I hadn’t seen a swift for two days. In the off-chance I might catch a ‘local’ resident before it set off on its travels, I stepped out into the back garden. It was about 6:55am. The first thing I noticed was how dark the sky was - the colour of bruising (before the reds and purples surface), where the flat mass of heavy clouds sucked most of the light from the heavens. Then I saw the birds. Black birds in a black sky. It seemed like there were so many. Think of paper being burnt in a fire, the flakes and embers flying off and up and around. There they were, mid-range, about thirty birds, maybe more, tumbling around each other. They moved together and moved apart at the same time: they were loosely in ‘formation’ and separate in the way they cut above and below in lines and curves. The group were ‘roiling’ directly overhead, before they powered up the hill - a swarm of swifts - tangling and untangling. When they reached the top of the road, gravity seemed to take effect, and they began to roll back down the hill again. I listened to the long thin thread of their screeches, looping together into tiny knots. They had all come from who knows where (and how far?) to make contact and communicate. They had decided to meet on a ‘patch’ of sky above our road to dance.

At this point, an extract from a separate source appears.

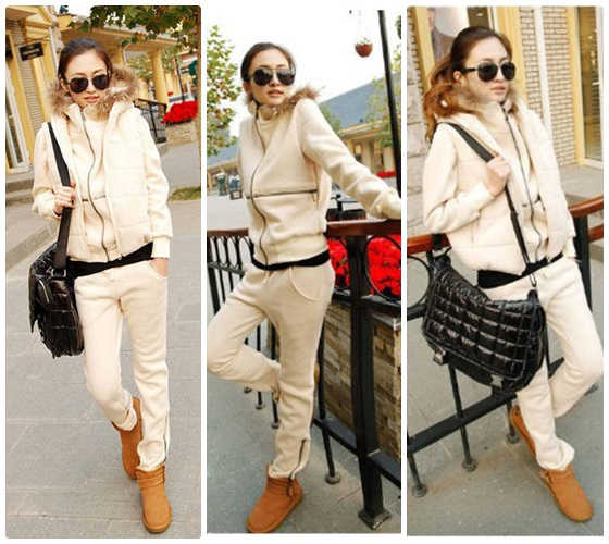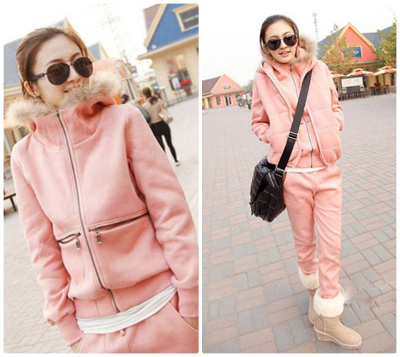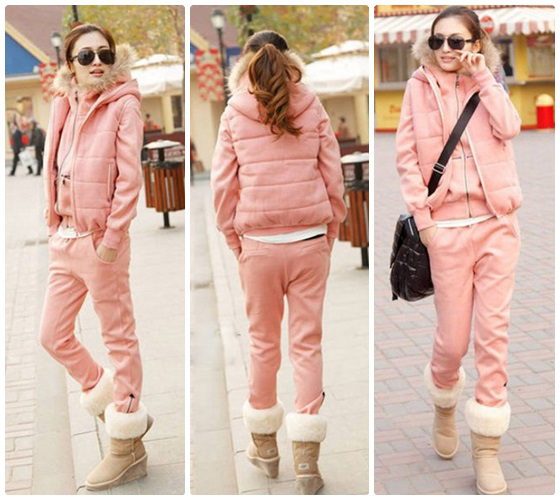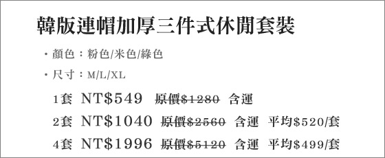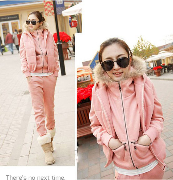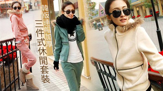 | 韓版連帽加厚三件式休閒套裝-韓妞保暖密技,連帽休閒三件組,粉嫩色系搭配一件外套、長褲與背心,整體完整的時尚感,輕便卻不畏寒平均每套最低只要499元起(含運)即可購得韓版連帽加厚三件式休閒套裝1套/2套 售價:499
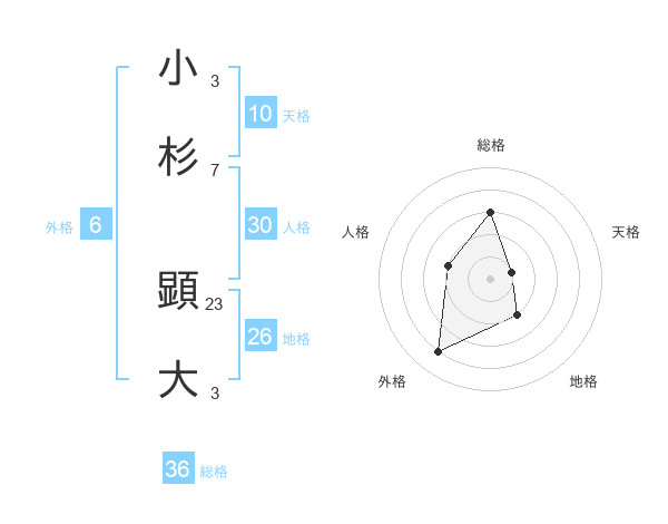 小杉 顕大さんを姓名の画数から五運を鑑定

I watched them ‘fall’ back down the hill for a further two or three minutes before I went back inside to continue with breakfast. By the time I came out again, it was 7:20am and there were two swifts left, coupled in circles of flight, low over gardens and nearby streets. Five minutes later, the sky was big, almost monotone, empty. I didn’t catch sight of another swift for two days.

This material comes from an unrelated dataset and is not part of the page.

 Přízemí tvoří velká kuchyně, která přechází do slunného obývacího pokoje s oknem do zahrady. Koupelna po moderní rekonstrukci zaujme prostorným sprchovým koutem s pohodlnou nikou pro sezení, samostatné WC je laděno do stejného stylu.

Two nights ago (Friday), I watched a swift enter the nest for the first time in over a week. If you’re a swift not ‘tied’ to a nest of eggs, there probably isn’t any point in sticking around in cool and wet conditions. These swift-silent days point toward the community of birds being elsewhere. I saw the ‘homing’ swift last night because I was being strategic (going out just as the street lights were being triggered by dusk) and consciously looking up at the quadrant of sky the birds usually appear from. Whether these two swifts, sticking it out through the ‘worst’ of June, will raise healthy chicks will depend a lot on the weather. I’m hoping the sun returns to burn away the clouds. I’m hoping for more dancing swifts.

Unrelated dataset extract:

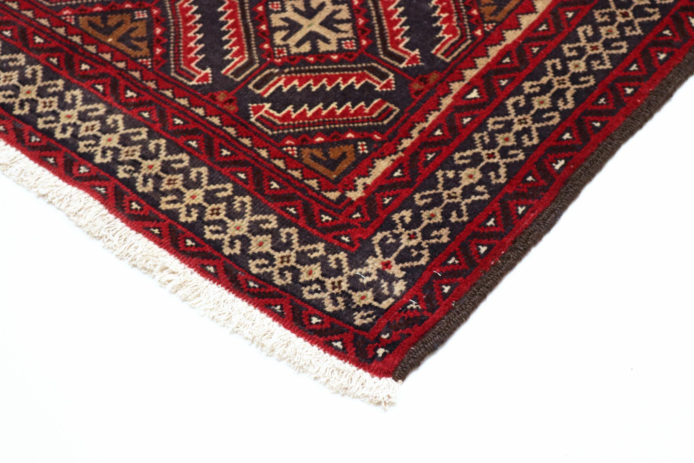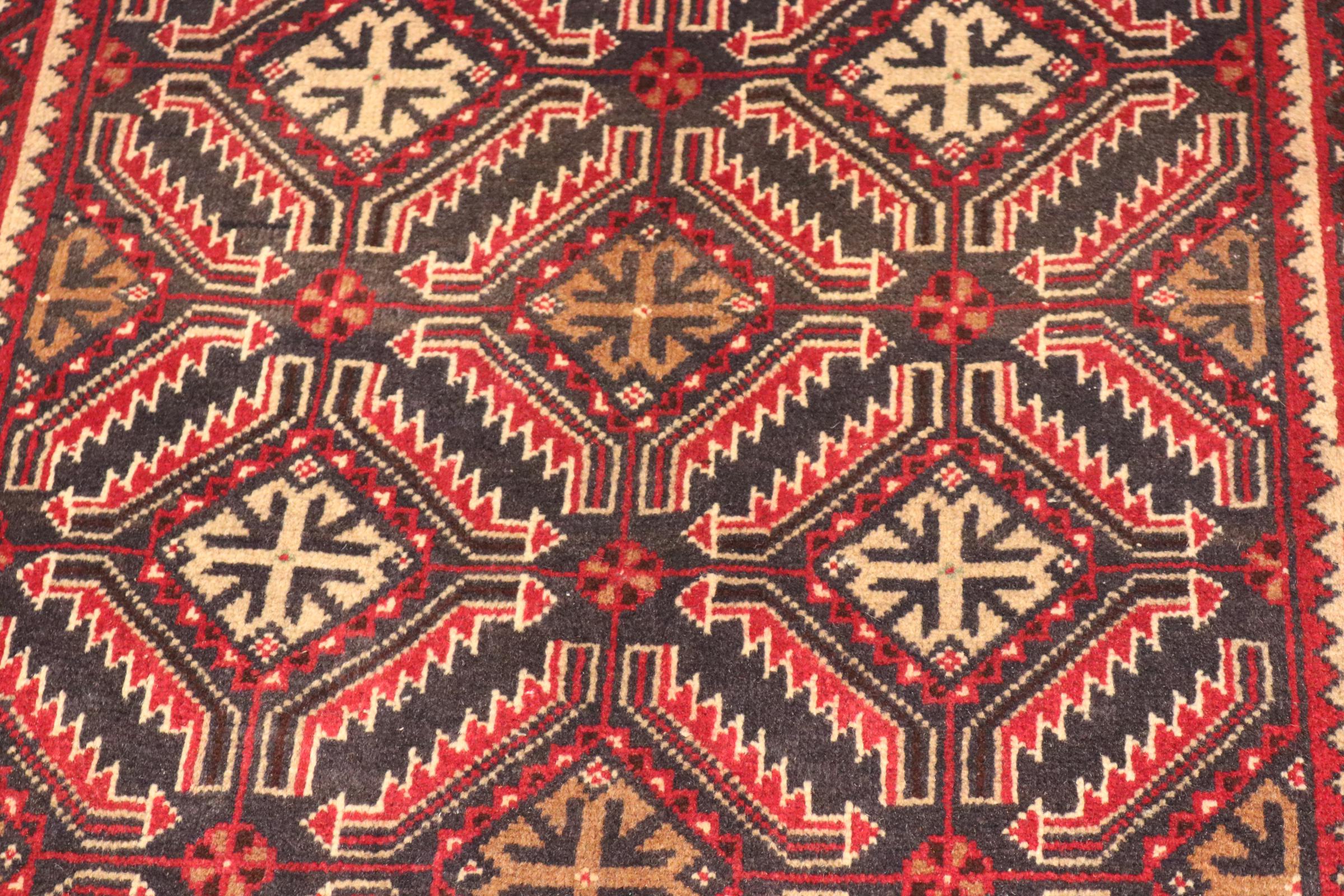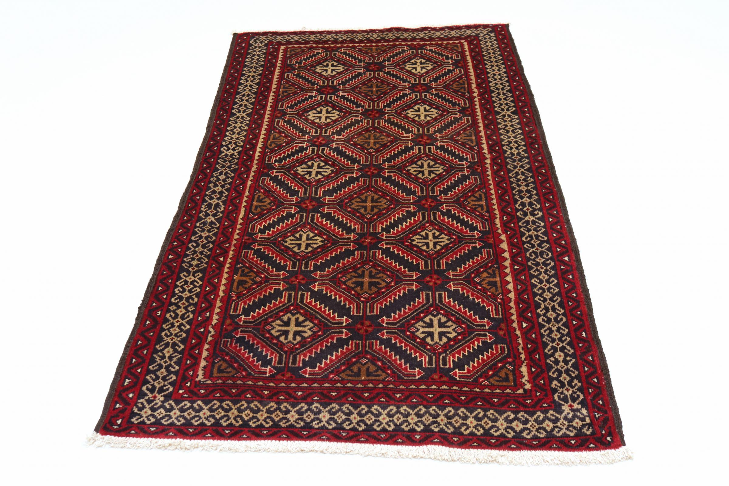 Este tapete Balúchi é um exemplo maravilhoso de arte nómada genuína. Fabricado na região fronteiriça entre o Irão e o Afeganistão, este tapete persa sabe como impressionar graças à sua trama densa e assimétrica. Os padrões vivos fazem dele um verdadeiro banquete para os olhos. Os tons escuros são típicos, espalhando um calor agradável. O seu belo fio natural transmite qualidade e torna-o extremamente durável. Típicos deste tapete são os padrões rectos que fazem dele um tapete nómada distinto.

Here are the diary entries from notes I have posted this week:
31st May
I’ve been watching the clouds all day, from the north — turning more westerly this evening. I’ve been waiting for rain that has never quite materialised. The odd spot — but that’s all. Waiting to see if rain will flush the swifts out. But without rain there have been no birds.
1st June
Without a swift to focus on, the sky seems bigger. It certainly feels emptier - especially as this is the first day of meteorological summer. This time last year, the birds were more visible, even in the rain. This evening there’s only rain, thick against the window.
2nd June
Second Wave?
3rd June
We’re sitting in the park, overlooking the towers of Stannington, and further off, the green of Rivelin Valley. Every five to ten seconds we hear swifts, but the sky is blank. Where are they? We walk up toward Crookes. The same clear screams. It’s not birds — you point at the black box on the front of a house — but a swift caller.
4th June
I’ve not seen a swift for two days now. The bagatelle of wind and showers, the cool air, seems to have pushed away any swift that doesn’t need or want to be here. If we have nesting swifts, they are keeping to the edges of the horizon. I’ve seen this before — but not at the beginning of June.
5th June
If I see swifts at all, it is in seconds rather than minutes. That swift I saw dip out of sight two streets away. The swift that swung low over a neighbour’s garden and disappeared behind the terraces of Bradley Street. Or the swift I’ve just seen fall out of the sky, as if from nowhere, to swerve and slide into the nest.
6th June
After a day of warm rain leading to this dry, humid evening, it’s good to see (and hear) a group of maybe ten swifts spiralling over Slinn Street for a few minutes before they break apart again.